▶ [WORK TO COMPLETE] Repeat exactly the stretch of lines that starts with the one containing "4年生の音楽の授業の様子です。「I Will Follow" and ends with the last line of the material. Leave out pictures.
---- DATA SECTION
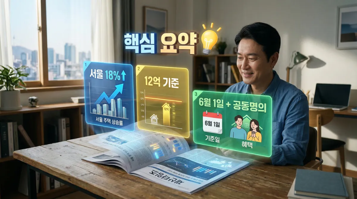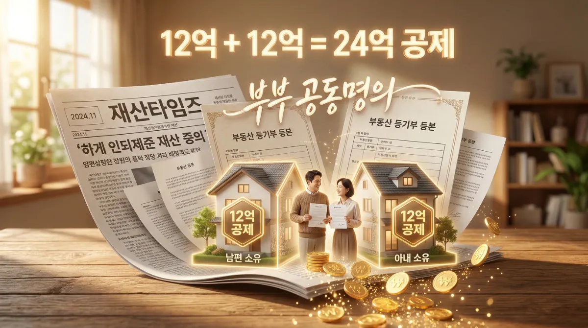 - 증여 및 명의 분산: 공시가격 12억 원 초과가 확실시된다면 부부 공동명의를 통해 인별 공제(각 12억, 총 24억 효과)를 극대화하는 것을 검토해야 합니다.
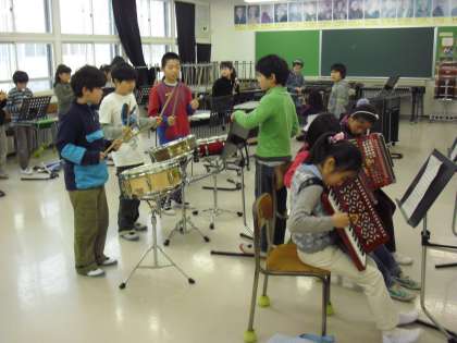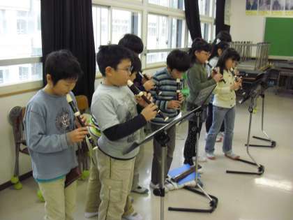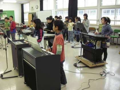 4年生の音楽の授業の様子です。「I Will Follow Him」という曲の合奏に取り組んでいるところです。パートの練習と全体で合わせる練習をくり返しながら曲の完成度を高めていきます。友達と互いに聴き合いながらリズムや音の長さを確かめるなど、曲と真剣に向き合っていました。
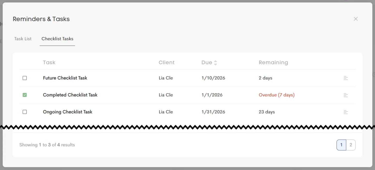 | Remaining | Days left before the due date, if set and the checklist item is not checked yet |
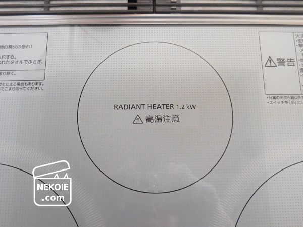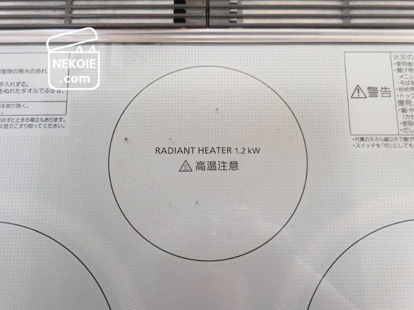 それからIHコンロ。とくにラジエントヒーターまわりは、パンなどを焼いたときに汚れやすいなと感じます。下の写真の黒い点も、ごみではなく汚れです。
--------
▶ [TASK ANSWER]
 4年生の音楽の授業の様子です。「I Will Follow Him」という曲の合奏に取り組んでいるところです。パートの練習と全体で合わせる練習をくり返しながら曲の完成度を高めていきます。友達と互いに聴き合いながらリズムや音の長さを確かめるなど、曲と真剣に向き合っていました。
 | Remaining | Days left before the due date, if set and the checklist item is not checked yet |
 それからIHコンロ。とくにラジエントヒーターまわりは、パンなどを焼いたときに汚れやすいなと感じます。下の写真の黒い点も、ごみではなく汚れです。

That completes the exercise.